### DATA SECTION
━━━━━━━━
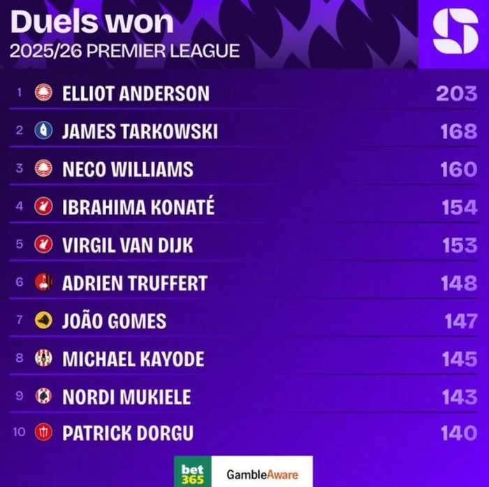 英超本赛季对抗成功榜安德森居首,夺回球权榜亦领跑
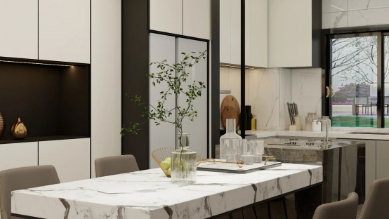 厨房柜体的设计是“美学表达”与“功能落地”的结合体,既以简约高级的视觉呈现契合现代家居审美,又以精细化的收纳与布局,为日常烹饪、用餐提供高效且舒适的体验,最终让餐厨空间成为家的 “质感生活容器”。
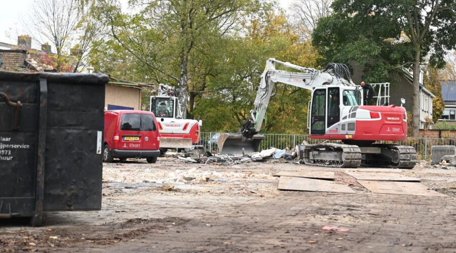 Het oude schoolgebouw van Kindercampus Blokhuus in Hoevelaken bestaat grotendeels niet meer. Sloopbedrijf Donkelaar heeft het zuidelijke deel plat gegooid. Op deze plek verrijst binnenkort een nieuwe schoolgebouw die modulair wordt gerealiseerd. In een ander deel van het oude schoolgebouw krijgen de kinderen les. Zodra het nieuwe schoolgebouw er staat, gaat ook dit gedeelte tegen de vlakte. Tevens wordt hard gewerkt aan het ontwerp van het nieuwe schoolplein. Foto Kees van den Heuvel
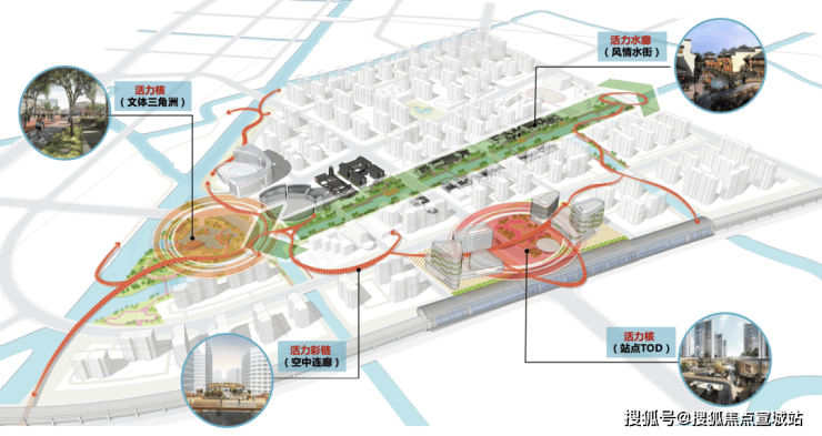 作为城市发展商角色的中交城投,正在为华新未来的发展谋划一盘“大棋”,打造以示范线-徐乐北路站TOD为主导,通过以历史文脉、科创体验及绿色生态为核心的复合站前体验区;打造科创TOD街区,融合了东方水镇,生态与文化的交融,形成“街、桥、寺”的水镇空间。
━━━━━━━━
### REQUIRED ACTION
Could every line above be set down exactly, with the pictures omitted?

### ANSWER TO THIS PROBLEM
 英超本赛季对抗成功榜安德森居首,夺回球权榜亦领跑
 厨房柜体的设计是“美学表达”与“功能落地”的结合体,既以简约高级的视觉呈现契合现代家居审美,又以精细化的收纳与布局,为日常烹饪、用餐提供高效且舒适的体验,最终让餐厨空间成为家的 “质感生活容器”。
 Het oude schoolgebouw van Kindercampus Blokhuus in Hoevelaken bestaat grotendeels niet meer. Sloopbedrijf Donkelaar heeft het zuidelijke deel plat gegooid. Op deze plek verrijst binnenkort een nieuwe schoolgebouw die modulair wordt gerealiseerd. In een ander deel van het oude schoolgebouw krijgen de kinderen les. Zodra het nieuwe schoolgebouw er staat, gaat ook dit gedeelte tegen de vlakte. Tevens wordt hard gewerkt aan het ontwerp van het nieuwe schoolplein. Foto Kees van den Heuvel
 作为城市发展商角色的中交城投,正在为华新未来的发展谋划一盘“大棋”,打造以示范线-徐乐北路站TOD为主导,通过以历史文脉、科创体验及绿色生态为核心的复合站前体验区;打造科创TOD街区,融合了东方水镇,生态与文化的交融,形成“街、桥、寺”的水镇空间。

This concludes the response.